Static random-access memories (SRAMs) are used in a wide variety of applications ranging from ICs to embedded systems. As the demand for systems to reduce power consumption and increase speed continues to grow, these design requirements are passed on to a system's components, including SRAMs. In this thesis a number of novel schemes for reducing power and delay in SRAMs are presented. Memory access incorporates two different operations: the memory read and the memory write. To improve the performance of the memory write operation, seven different memory cell designs are proposed. Each of these designs has been extensively simulated in 180-nm CMOS technology for comparison with the standard six-transistor (6T) differential memory cell. The three cells performing the best in terms of energy consumption, delay and the energy-delay product demonstrate improvements of 27.6%, 12.3%, and 24.1% over the 6T cell, which uses 27.75 fJ and has an overwrite delay of 83.24 ps each write cycle. The memory read circuitry is modified at the column level as well as the cell level. To save the power used in pre-charging and pulling down the bit-lines each read access, the precharge signal and its pull-up transistors are removed. A series of bit-line pull-up schemes that only switch the bit-lines when necessary are discussed and the most effective designs are simulated thoroughly using 180-nm CMOS technology.
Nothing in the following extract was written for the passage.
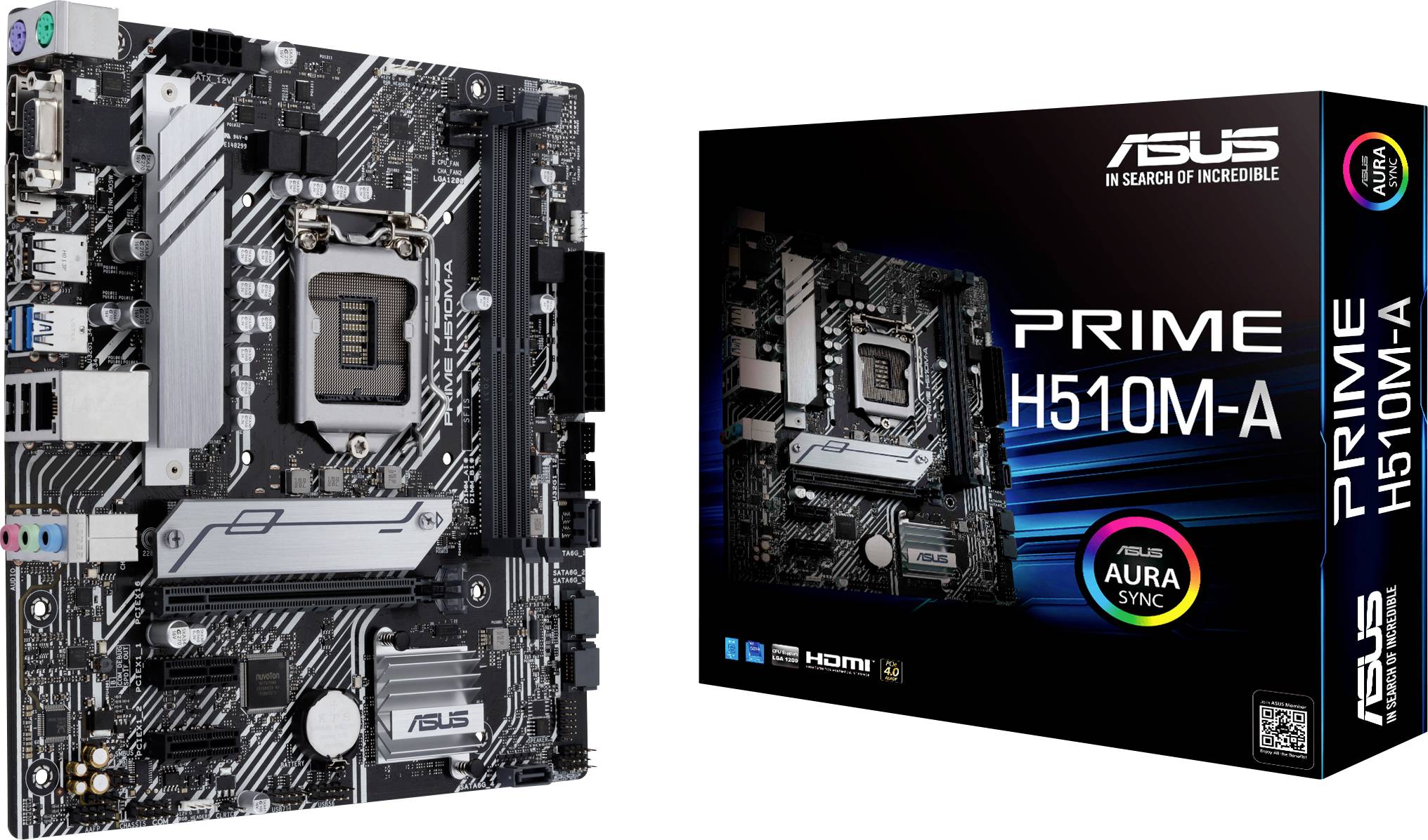 ASUS Prime H510M-A Gaming Mainboard Sockel Intel LGA1200 (mATX, M.2, USB 3.2 Gen 1 Typ-A, Intel 1Gbit/s Ethernet, PCIe 4.0, AURA-Gen-2-Header)

In comparison with the standard reading design, the novel delayed bit-line capture pull-up (DBCP) scheme yield minimum energy savings of 44.3% and improves delay by at least 22.7%. To ensure that the read logic works in conjunction with the memory write, four different test SRAMs containing the novel read designs are built in 90-nm technology. Each novel SRAM is compared with the standard SRAM implementation, which has a delay of 474.3 ps and dissipates an average of 521.3 fJ over a row of memory cells. The best results are achieved by the DBCP min style SRAM, with 28.6% power savings and a 39.6% improvement in delay. A discussion of the design tradeoffs when using a novel reading scheme is also included.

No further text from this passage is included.